Poster
Raising the Bar: Investigating the Values of Large Language Models via Generative Evolving Testing
Han Jiang · Xiaoyuan Yi · Zhihua Wei · Ziang Xiao · Shu Wang · Xing Xie
East Exhibition Hall A-B #E-1910
Warning: Contains harmful model outputs.Despite significant advancements, the propensity of Large Language Models (LLMs) to generate harmful and unethical content poses critical challenges.Measuring value alignment of LLMs becomes crucial for their regulation and responsible deployment. Although numerous benchmarks have been constructed to assess social bias, toxicity, and ethical issues in LLMs, those static benchmarks suffer from evaluation chronoeffect, in which, as models rapidly evolve, existing benchmarks may leak into training data or become saturated, overestimating ever-developing LLMs. To tackle this problem, we propose GETA, a novel generative evolving testing approach based on adaptive testing methods in measurement theory. Unlike traditional adaptive testing methods that rely on a static test item pool, GETA probes the underlying moral boundaries of LLMs by dynamically generating test items tailored to model capability. GETA co-evolves with LLMs by learning a joint distribution of item difficulty and model value conformity, thus effectively addressing evaluation chronoeffect. We evaluated various popular LLMs with GETA and demonstrated that 1) GETA can dynamically create difficulty-tailored test items and 2) GETA's evaluation results are more consistent with models' performance on unseen OOD and i.i.d. items, laying the groundwork for future evaluation paradigms.

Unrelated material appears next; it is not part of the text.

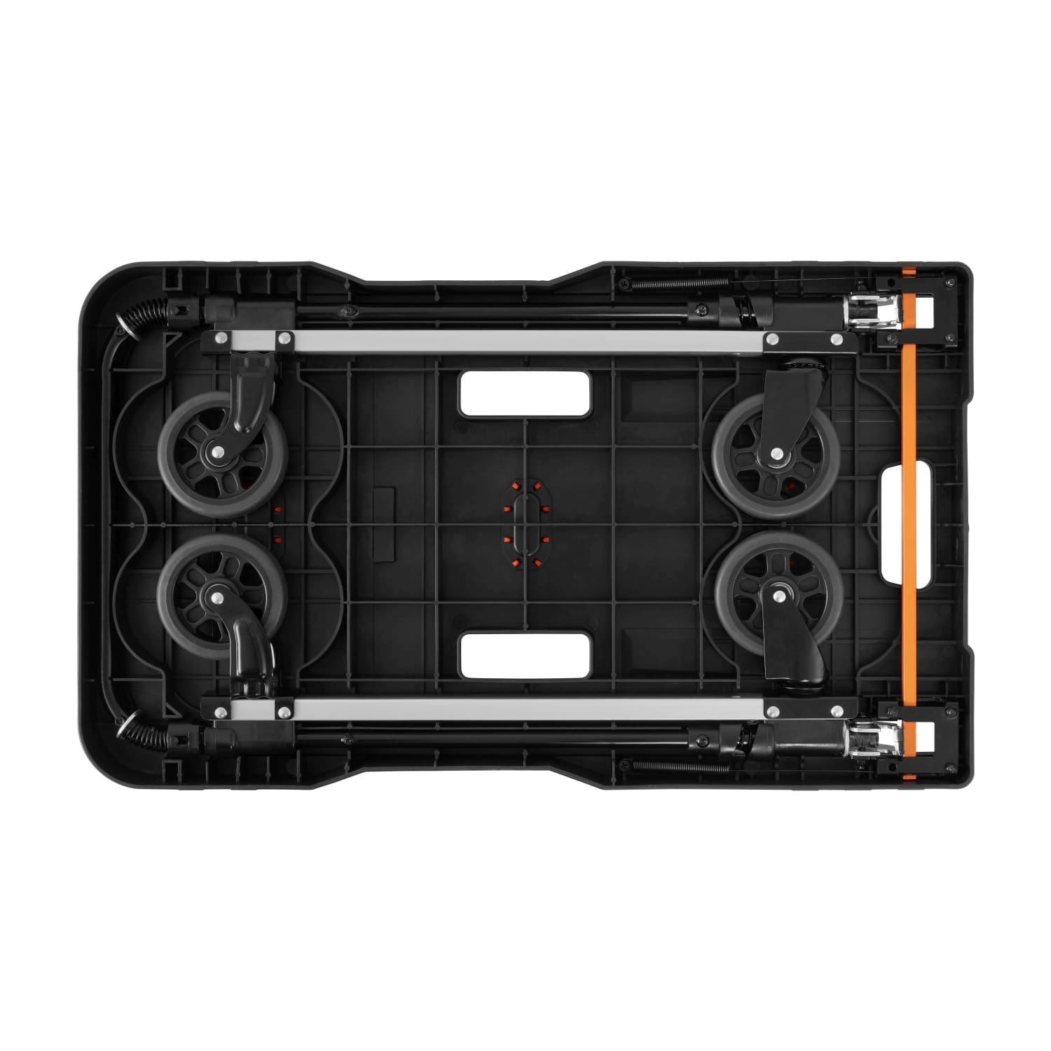 Niezawodny wózek magazynowy HIGHER Compact o udźwigu 150 kg - doskonały na zakupy, magazyn i przeprowadzki! Ten kompaktowy wózek o wymiarach po złożeniu 68 x 40 x 9 cm doskonale pomieści przedmioty o wadze do 150 kg. Dzięki swojemu poręcznemu rozmiarowi łatwo zmieści się w bagażniku samochodu, zapewniając Ci wygodę i mobilność.

Large language models (LLMs), like ChatGPT, have made big strides in recent years—but they still sometimes produce harmful or unethical content. To use these tools responsibly, we need reliable ways to measure how well they align with human values. Unfortunately, most current evaluation methods rely on fixed test sets that can become outdated or even show up in the models’ training data, making them less useful over time.Our research introduces a new approach called GETA (Generative Evolving Testing Approach), which solves this problem by generating fresh, tailored test questions on the fly. Inspired by testing methods used in education, GETA adjusts the difficulty of each question based on the model’s abilities and adapts as models evolve.We tested GETA on several popular LLMs and found it could better track how well these models behave in unfamiliar situations—something static tests struggle with. This work matters because it offers a smarter, more future-proof way to evaluate the ethical behavior of LLMs, helping ensure they’re safe and trustworthy as they continue to grow more powerful.